Essa decisão se fundamenta nos artigos 1º e 2º; 8º e 25 da Convenção, que impõe aos Estados o dever de respeitar e garantir os direitos nela previstos, além de assegurar garantias judiciais, dever de adotar medidas legislativas e de outra natureza para efetivar os direitos e proteção judicial efetiva, como direito a recorrer das decisões, por exemplo.
Significa que, pelos preceitos da Convenção, não é admissível anistia para crimes contra o estado democrático de direito.
Âmbito interno
A Constituição Federal, no artigo 48, VIII prevê como uma das competências do Congresso Nacional, dispor sobre a concessão de anistia, com sanção do Presidente da República, ou seja, o legislativo pode editar uma nova lei com novas hipóteses de anistia.
Entretanto, a própria Constituição veda anistia para crimes de tortura, tráfico ilícito de entorpecentes, terrorismo e hediondos, não havendo nenhuma disposição sobre os crimes contra o estado democrático de direito, embora a concessão de anistia para esses crimes atentaria contra o núcleo essencial da Constituição (cláusulas pétreas), com forte proteção também em tratados.
Finalidades
A anistia costuma estar ligada a momentos de transição política ou de pacificação social, buscando extinguir a punibilidade por condutas ilícitas praticadas, visando:
- Restabelecer a harmonia entre grupos em conflito;
- Reintegrar indivíduos ao convívio social;
- Consolidar mudanças de regime político.
Sua aplicação é retroativa, atingindo fatos já praticados. Em outros termos, a anistia exclui o crime, apagando seus efeitos, inclusive, se praticado novo crime, não ocorrerá reincidência ao acusado, podendo ser concedida antes ou depois da sentença, cuja competência é do juízo das execuções.

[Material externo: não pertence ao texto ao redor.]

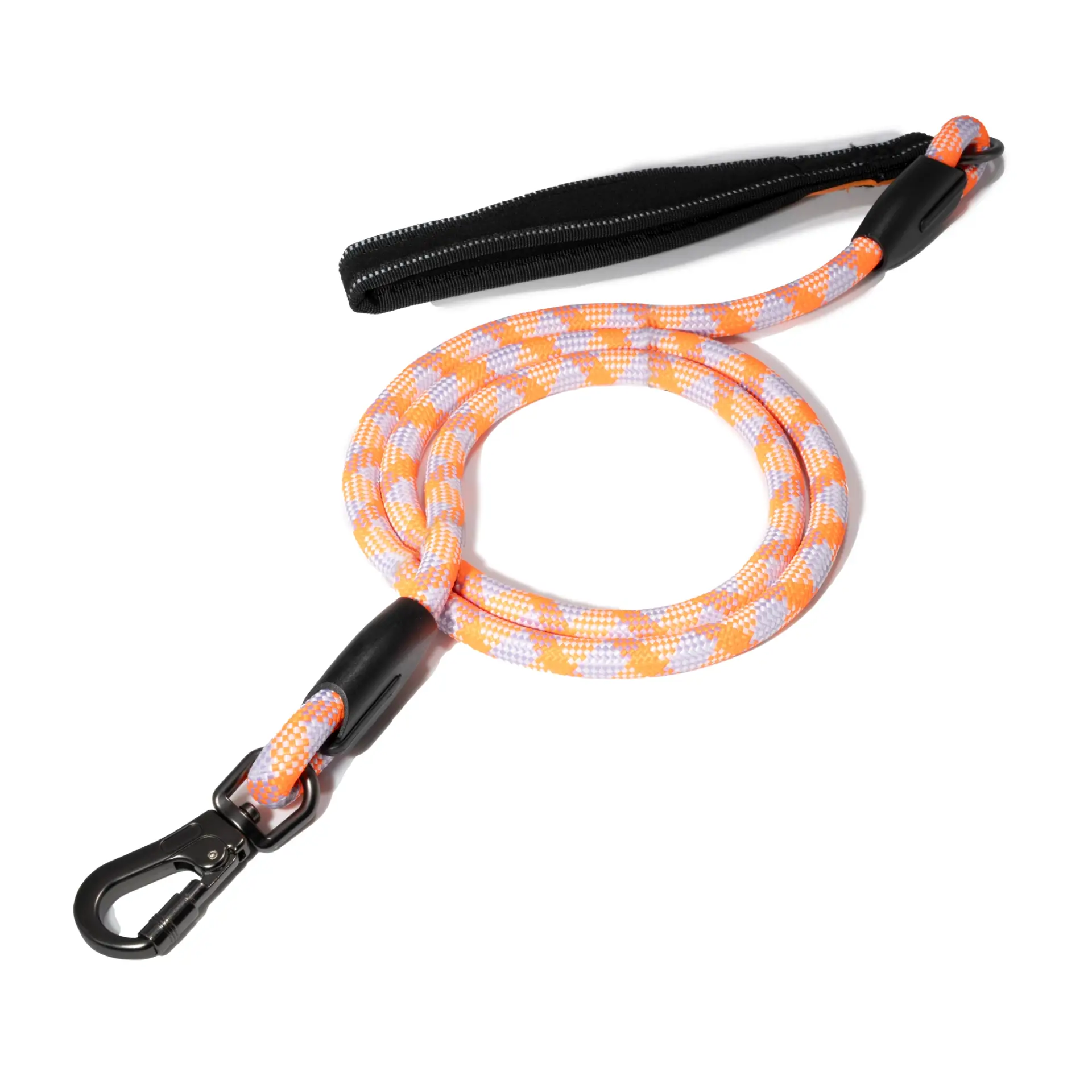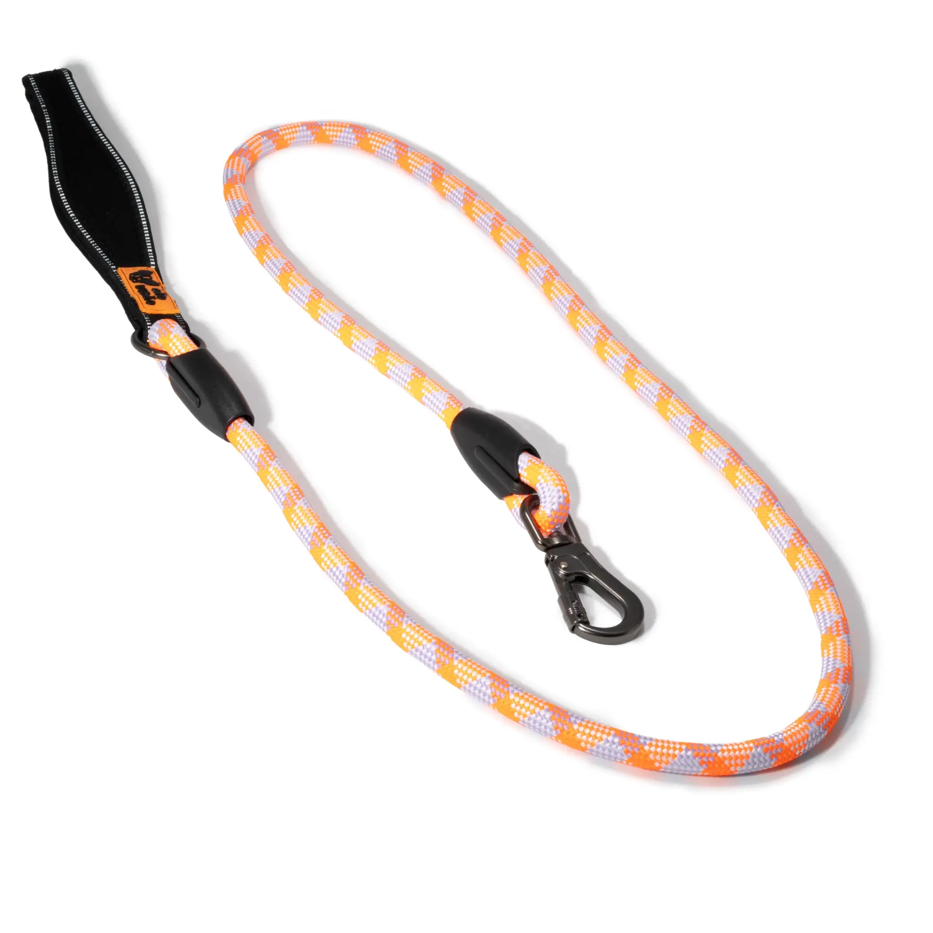 A Guia de Corda Reflexiva da Cão Durão une resistência e estilo com materiais de alto desempenho: corda de escalada com fios reflexivos, alça de neoprene supermacia e mosquetão com trava de segurança. Ideal para quem busca um passeio mais seguro, confortável e cheio de personalidade — seja na cidade ou na trilha.

O dilema pacificação social e a impunidade
O debate atual, ao redor de episódios recentes de convulsão política, envolve questões de âmbito ético, político e jurídico. De um lado, demonstra-se como instrumento de reconciliação nacional, permitindo que sociedades superem momentos de ruptura. Já sob os olhares internacionais, há o temor de que ela funcione como um salvo-conduto para aqueles que atentaram contra a ordem democrática e os direitos fundamentais, com reiteradas decisões vislumbrando a segurança jurídica.